• Context

    Yann Guidon / YGDES05/19/2020 at 16:31 0 comments

    Any technology has a "preferred" or "appropriate" application domain/range. The aligned string format has been thought to address needs that arise when dealing with ASCII-Z strings during mundane operations, mainly POSIX API and other low level operations that must remain lightweight.

    It is meant to be "somewhat" compatible with POSIX but would ideally replace it (if I had the chance to redo it all over).

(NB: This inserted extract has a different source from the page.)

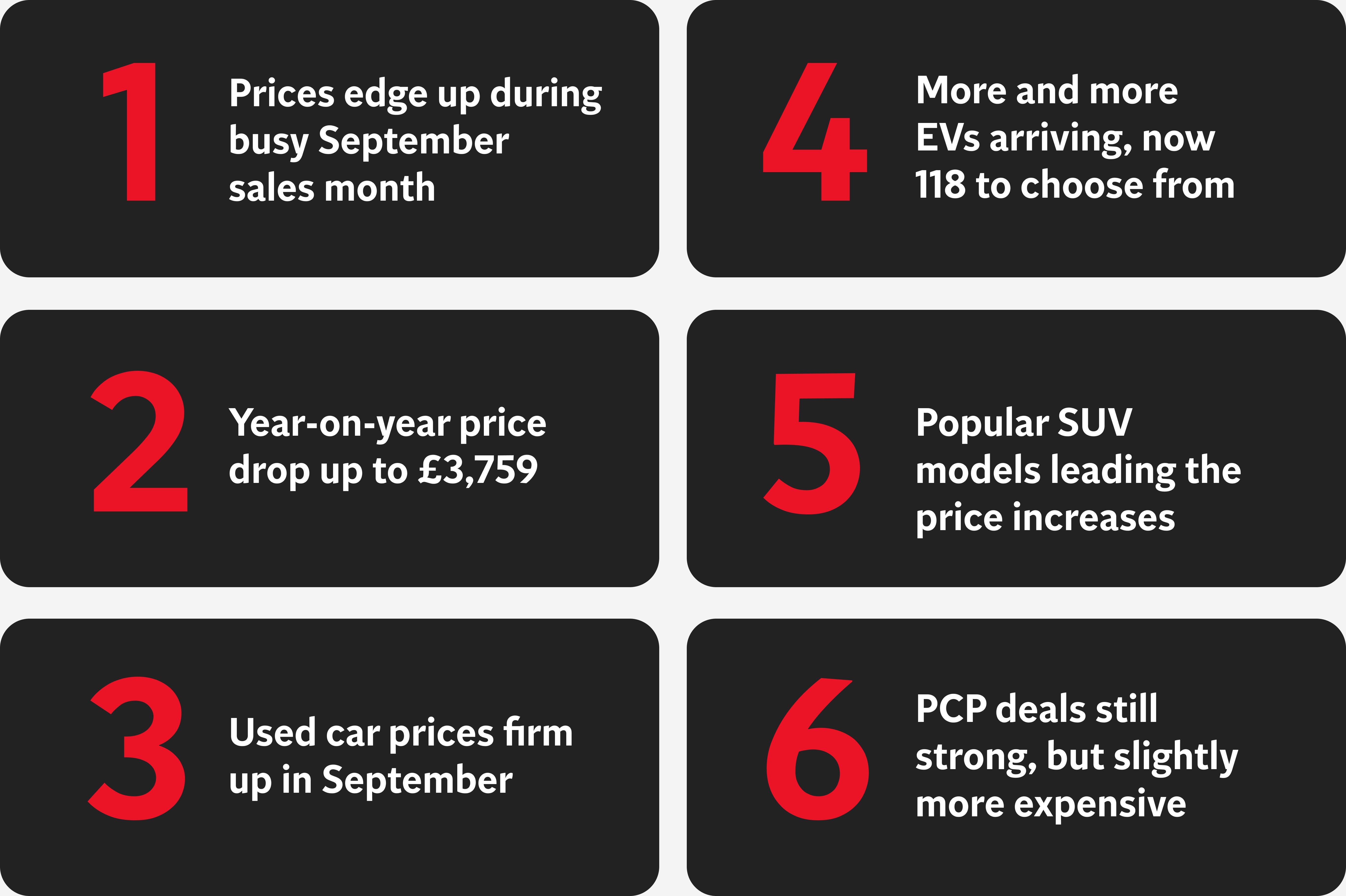- Keep an eye on finance terms. Car makers are quick to change deals and will turn the taps on if demand is weak – meaning better deals – or turn them off if demand is stronger, as we’ve seen in September.

This is why the trailing NUL is "optional" : recommended for ease and compatibility for working with Linux for example, but would be dropped in later implementations.

    It is not meant as an internal representation format for language because memory management is not considered (though it could be used when encapsulated with pointers, reference counts and other necessary attributes)

    The fundamental element is the 8-bits byte, or uint8_t in today's C. This deals with ASCII and UTF-8 only. But since the proposed format deals nicely with NUL chars inside the string, this is not inherently limited to text.

    The "lightweight" aspect is important : the code must run on microcontrollers (where the usual POSIX string.h is considered a nuisance)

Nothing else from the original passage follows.